La estación de Coslada toma su nombre del municipio de Coslada. En términos de transporte es un caso sencillo de denominación: Renfe identifica Coslada como estación de Cercanías en zona tarifaria B1, servida por las líneas C-2, C-7 y C-8, y conectada con la línea 7 de Metro en Coslada Central.
La cuestión difícil es qué significa el topónimo antiguo Coslada. Ramón Menéndez Pidal, en *Toponimia prerrománica hispana*, relacionó el nombre con una forma céltica *coslo* o *cosla*, con el significado de avellano o avellana. Unido a un sufijo romance, el resultado sería algo parecido a una avellaneda, explicación que han repetido después relatos locales y estudios de toponimia madrileña.
Esa explicación, aunque atractiva, no es la única. Una guía histórica regional describe el origen del nombre como confuso y recoge otra propuesta de Aurelio García López: *cos* como pedernal y *late* como abundante o extenso, vinculada a las canteras de yeso y pedernal de Coslada. La misma guía añade con cautela una posible relación con *colada*, en el sentido de paso ganadero, porque por el término discurrían vías pecuarias importantes, entre ellas la Cañada Galiana.
El contexto histórico encaja con una población medieval modesta en el lado oriental de Madrid. Las publicaciones sobre el valle del Henares y la historia archivística municipal sitúan a Coslada dentro del alfoz de Madrid y del sexmo de Vallecas; las referencias tempranas más claras corresponden al reinado de Fernando III o, según la fuente y el documento citado, a fechas anteriores a 1273. Descripciones posteriores todavía la presentan como un lugar agrícola pequeño en el que también tenía importancia la extracción de piedra.
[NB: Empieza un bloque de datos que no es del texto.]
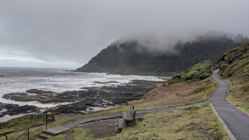 I spent the rest of the day driving until I found a spot to camp for the night, and stopped at a few sites – notably an historic lighthouse, and devils kitchen (one of many devil-themed stops along route 101).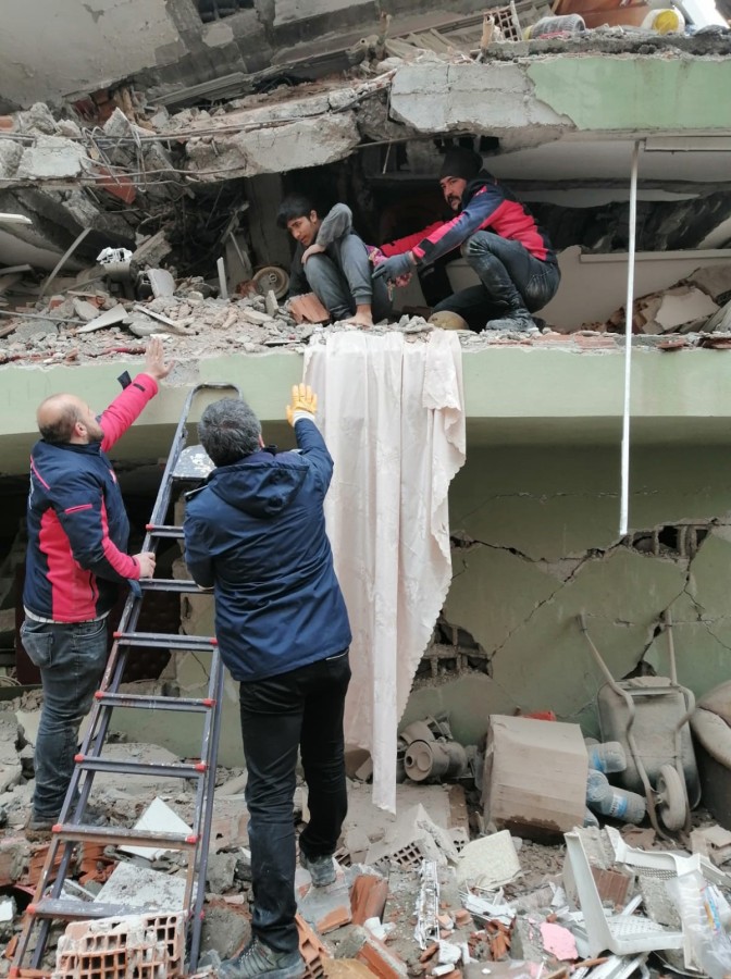 Enkazda çalışma yapan itfaiye ve AFAD ekipleri ilk olarak Sefa Akın'ı yıkıntıların arasından çıkardı. Sefa Akın'ın ablası ve annesinin de içeride olduğunu söylemesi üzerine çalışmalarını hızlandıran ekipler abla Duygu Akın'ı da sağ bir şekilde kurtarmayı başardı. İki kardeşin enkaz altında kalan annelerini kurtarma çalışması ise sürüyor.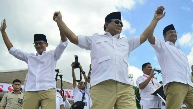 Dalam foto tersebut terlihat Prabowo menggandeng tangan Anies Baswedan dan Sandiaga Uno. Ketiganya memakai baju berwarna putih, celana krem, dan peci. Diketahui, pada Pilgub DKI Jakarta 2017, Prabowo sebagai Ketum Partai Gerindra mengusung pasangan Anies Baswedan dan Sandiaga Uno.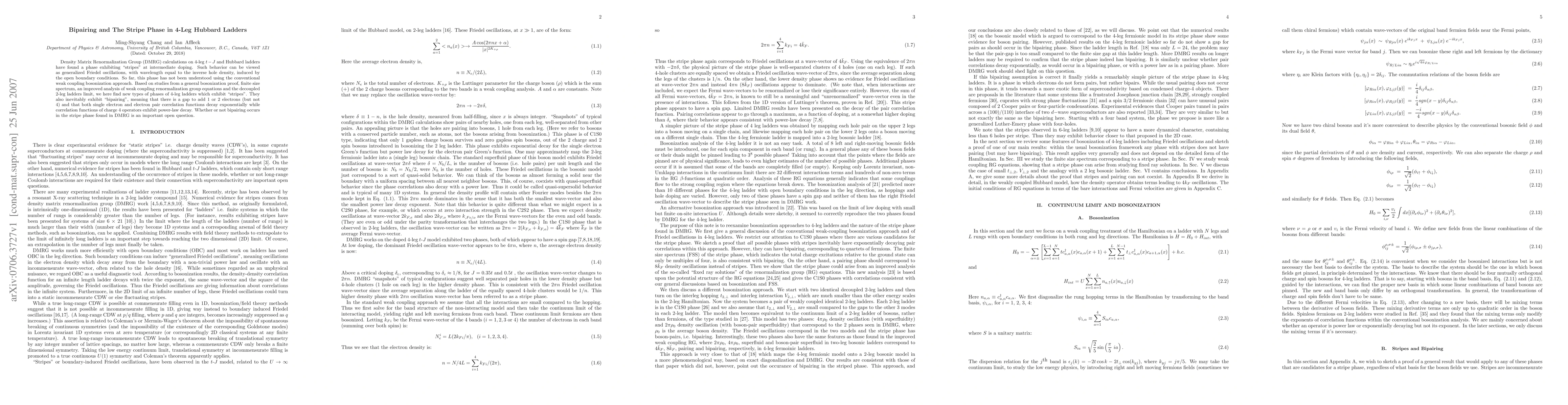This paper uses DMRG calculations to identify a stripe phase in 4-leg t-J and Hubbard ladders, characterized by generalized Friedel oscillations. The study reveals new phases with "bipairing," where adding 1 or 2 electrons creates a gap, while electron and pair correlations decay exponentially, contrasting with power-law decay for charge 4 operators.
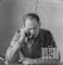 Komandants V. Vadre runā pa telefonu Vēdeles nometnē (angļu zonā). Vīrietis ir ģērbies formastērpā un sēž pie galda. Fonā ir koka dēļu siena.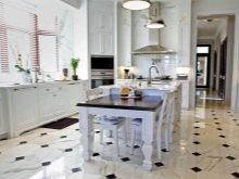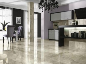 أما بالنسبة للاتجاهات الأسلوبية الأكثر حداثة ، إذن لأسلوب التكنولوجيا الفائقة أو بساطتها أرضية قرميدية خفيفة لامعة مثالية. من الأفضل أن يكون موديل من نغمة واحدة ، ويفضل أن يكون أسود ، أو رمادي ، أو أبيض ، أو بيج. يمكنك التقاط نماذج بنمط ثلاثي الأبعاد.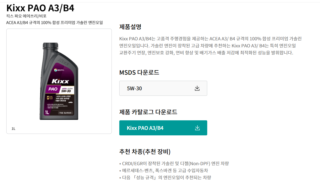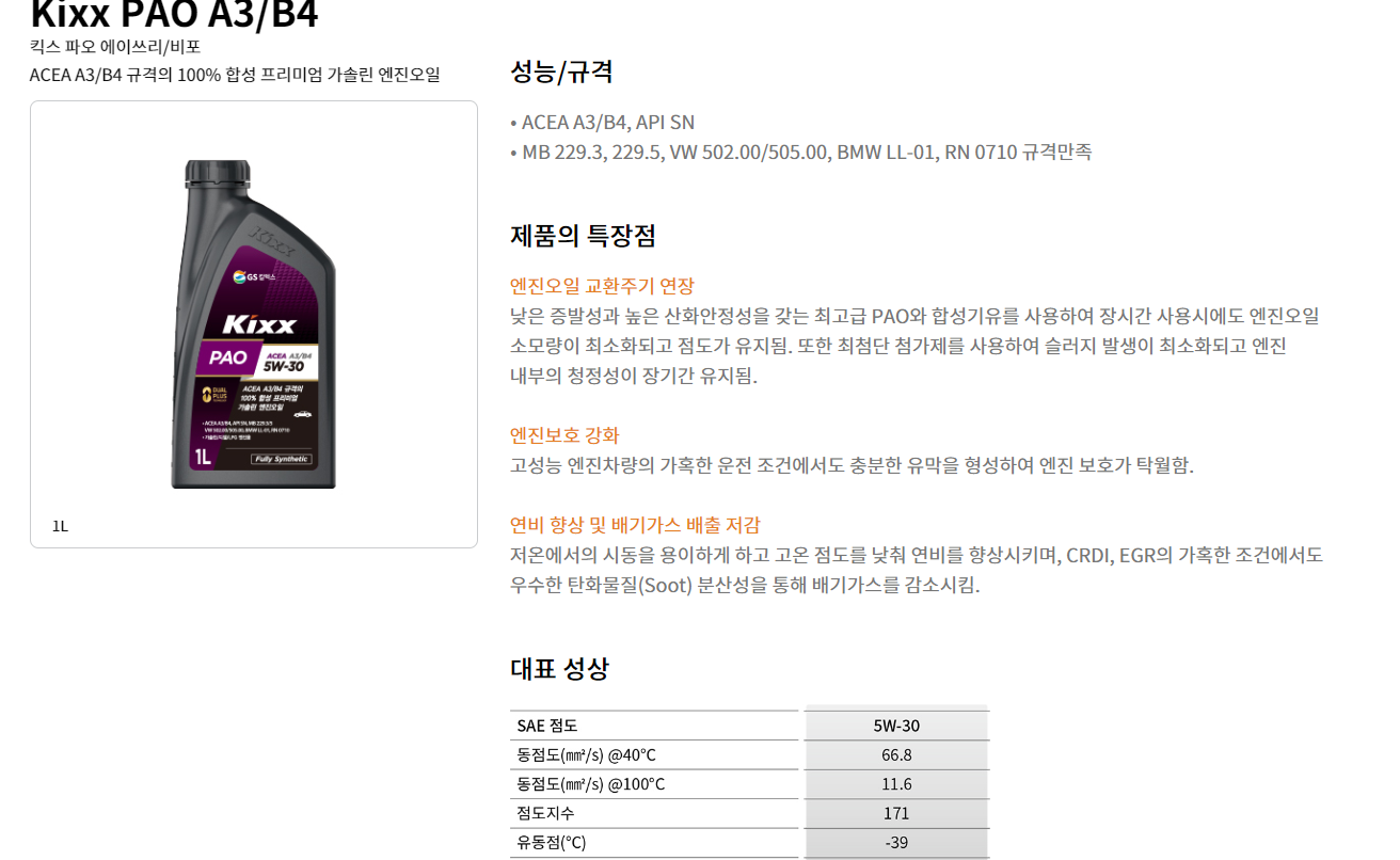 PAO급 엔진오일이란? 파오 엔진오일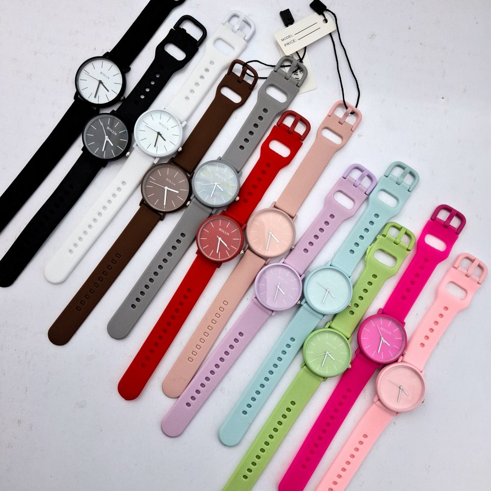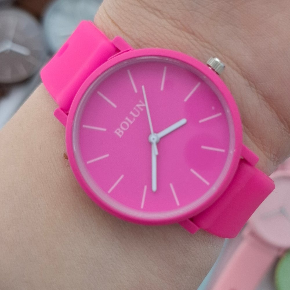 - ساعت مچی زنانه و دخترانه بلون BOLUN گرد بند سیلیکونی پاستیلی صورتی پاستیلی کد2849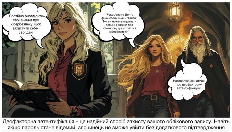 Вітаємо здобувачів освіти групи №36 Бондаренка Руслана, Ганжалу Артема та їх наставника, викладача фізики Шатову Олену Дмитрівну, з перемогою в конкурсі коміксів «Таємниці щоденника Тома Редла». Конкурс відбувався в межах марафону #ШахрайГудбай, організованого Національним банком України в рамках Всеукраїнської інформаційної кампанії з протидії платіжному шахрайству. Творча група представила не просто комікс «Ґоґвортс під загрозою: Пригода з чарівним щоденником», а цілу магічну пригоду, де головна героїня Ліза, відмінниця факультету Грифіндор, випадково повідомила зловмиснику Тому Редлу пароль від власного шкільного акаунту і тим самим під загрозою опинилась вся шкільна база Ґоґвортсу. Презентований комікс – це можливість нагадати про основні правила платіжної безпеки якомога більшій аудиторії та унеможливити наслідки шахрайських дій.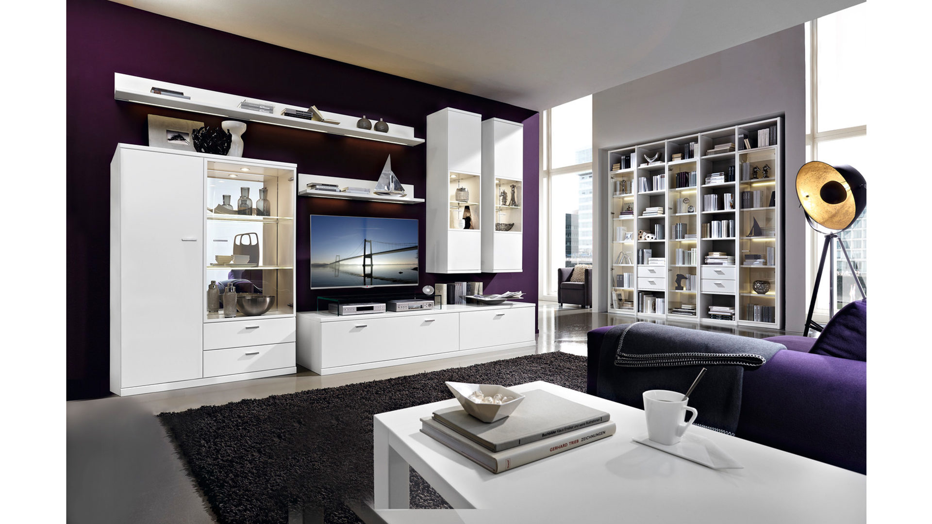 Die Möbel der Vancouver Wohnkombination präsentieren sich mit Lackoberflächen in klassisch-elegantem Mattweiß. Durch die klare, helle Farbgebung strahlt die Wohnwand herrlich-puristischen Charme aus. Für eine stimmig-moderne Abrundung sorgen die matt verchromten Metallgriffe.
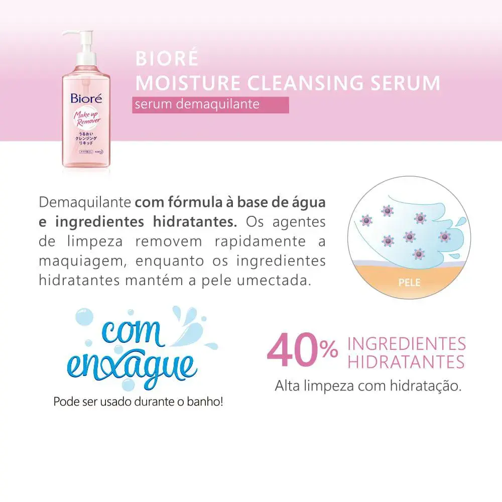 A inovação que transformará sua rotina de cuidados com a pele, proporcionando uma experiência única e eficaz na remoção da maquiagem. Este revolucionário sérum demaquilante é formulado para remover completamente toda e qualquer maquiagem, incluindo aquelas mais difíceis como máscara à prova d’água, delineador resistente, batom de longa duração e bases pesadas. Com tecnologia avançada vinda do Japão, o Sérum Demaquilante Bioré não apenas limpa profundamente seu rosto, mas também cuida dele. É um produto inovador no mercado brasileiro de beleza; trata-se de um limpador facial em formato sérum especialmente desenvolvido para oferecer uma limpeza completa sem deixar resíduos ou sensação oleosa na pele. Ideal para quem deseja praticidade aliada ao cuidado diário com a pele, este sérum pode ser utilizado mesmo durante o banho graças à sua fórmula exclusiva que funciona efetivamente tanto em peles secas quanto molhadas.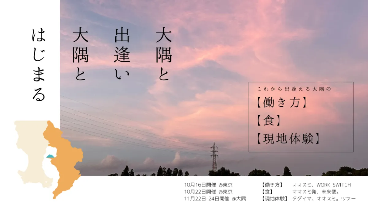さらに11月には、2泊3日の「タダイマ、オオスミ。ツアー」が実施されます。このツアーは単なる観光ではなく、地域住民との交流を重視した「人とつながる旅」をテーマにしています。参加者は大隅の美しい自然や新鮮な食材を味わいながら、当地の人々との出会いを通じて有意義な体験を得ることができます。ツアーの最後には、ワーケーション施設でのワークも予定されており、滞在中に得た貴重な学びを次のステップへとつなげる機会も提供されます。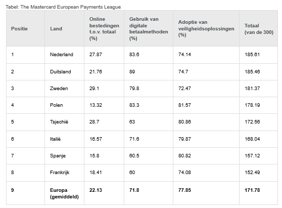Nederland is uitgeroepen tot digitaal betalingskampioen van Europa in de eerste European Payments League van Mastercard. De ranglijst vergelijkt negen grote Europese markten op het gemak en de veiligheid van online betalen en de mate waarin consumenten overstappen op volledig digitale afrekenprocessen zonder handmatige kaartinvoer. Nederland eindigt bovenaan, gevolgd door Duitsland en Zweden.

Para una ficha pública de estación, la formulación más sólida es prudente. La estación se llama, con seguridad, por el municipio. El nombre del municipio parece antiguo y premoderno, pero su etimología sigue discutida: la lectura céltica de la avellaneda es la hipótesis académica más conocida, mientras que las explicaciones del pedernal, las canteras y las vías ganaderas conservan argumentos geográficos locales. La derivación desde el latín *cova ustulata*, 'cueva quemada', es tratada explícitamente por Jairo Javier García Sánchez como mera hipótesis.